**Exercise brief**
After locating the line with "Kiwi love, a" in the entries below, set down exactly that line and each one after it to the end, skipping pictures.

[Start of Attachment]

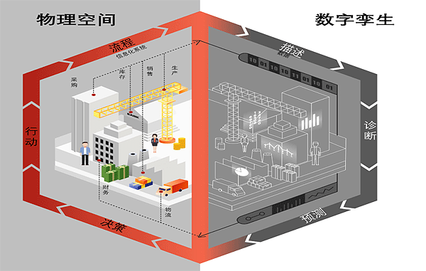 數(shù)字孿生是以特定目的為導(dǎo)向?qū)ξ锢硎澜绗F(xiàn)實(shí)對象的數(shù)字化表達(dá)。這一對象不僅包括產(chǎn)品、設(shè)備、建筑物等“實(shí)物”對象,也包括企業(yè)組織、城市等“實(shí)體”對象。通過對物理對象構(gòu)建數(shù)字孿生模型,實(shí)現(xiàn)物理對象和數(shù)字孿生模型的雙向映射。對于不同現(xiàn)實(shí)對象,其數(shù)字孿生模型構(gòu)建的側(cè)重點(diǎn)和用途不盡相同,要實(shí)現(xiàn)企業(yè)的數(shù)字化管理,需要構(gòu)建以整個(gè)企業(yè)組織體為對象的數(shù)字孿生,更強(qiáng)調(diào)對廣域數(shù)據(jù)的聚合融通,著力于通過模擬仿真來優(yōu)化全局決策和加強(qiáng)協(xié)同。可以說,企業(yè)級數(shù)字孿生是數(shù)字化管理應(yīng)用推廣的基礎(chǔ),是其智能化過程的載體。
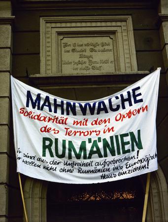 Mahnwache / Solidarität mit den Opfern / des Terrors in / Rumänien / Wir sind aus der Unfreiheit aufgebrochen! / Wir wollen nicht ohne Rumänien in's Europäische / Haus einziehen!
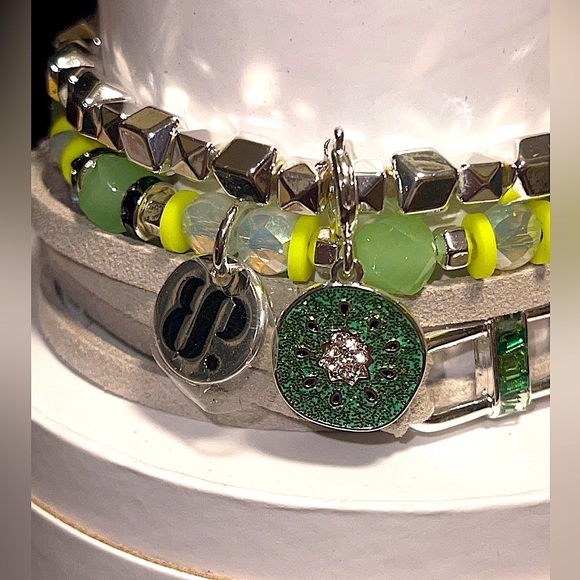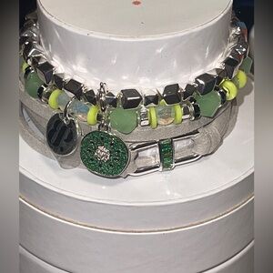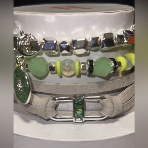 Kiwi love, a stunning 3 piece set of our spring stacks. The gray bracelet is a leather band, and the other two with beads and cubic zirconia. Start your obsession today 😍
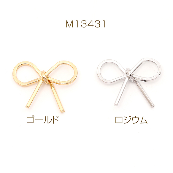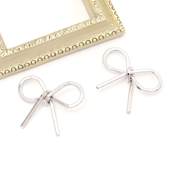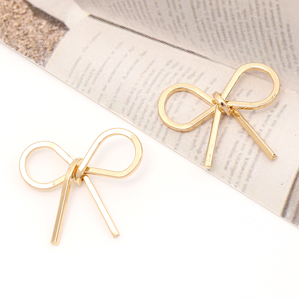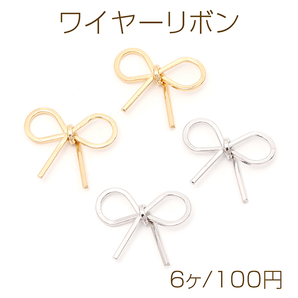 ワイヤーリボン 金属リボンパーツ リボンモチーフ ネックレストップパーツ バックチャーム ポニーフック 貼付け可 約17×20mm(6ヶ)
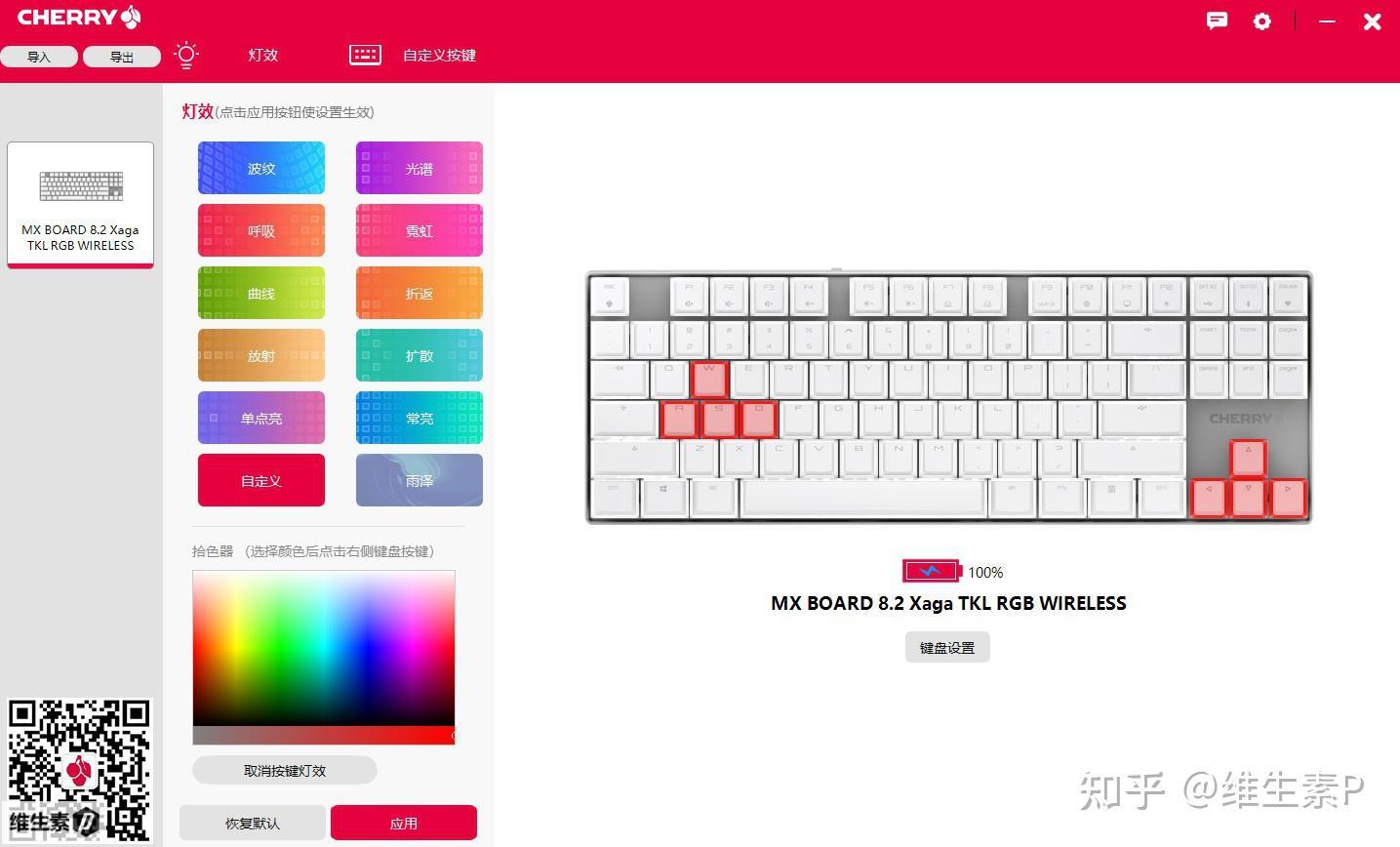 鍵盤支持無線三模,帶有RGB燈光。

[End of Attachment]

**Response to this task**
 Kiwi love, a stunning 3 piece set of our spring stacks. The gray bracelet is a leather band, and the other two with beads and cubic zirconia. Start your obsession today 😍
 ワイヤーリボン 金属リボンパーツ リボンモチーフ ネックレストップパーツ バックチャーム ポニーフック 貼付け可 約17×20mm(6ヶ)
 鍵盤支持無線三模,帶有RGB燈光。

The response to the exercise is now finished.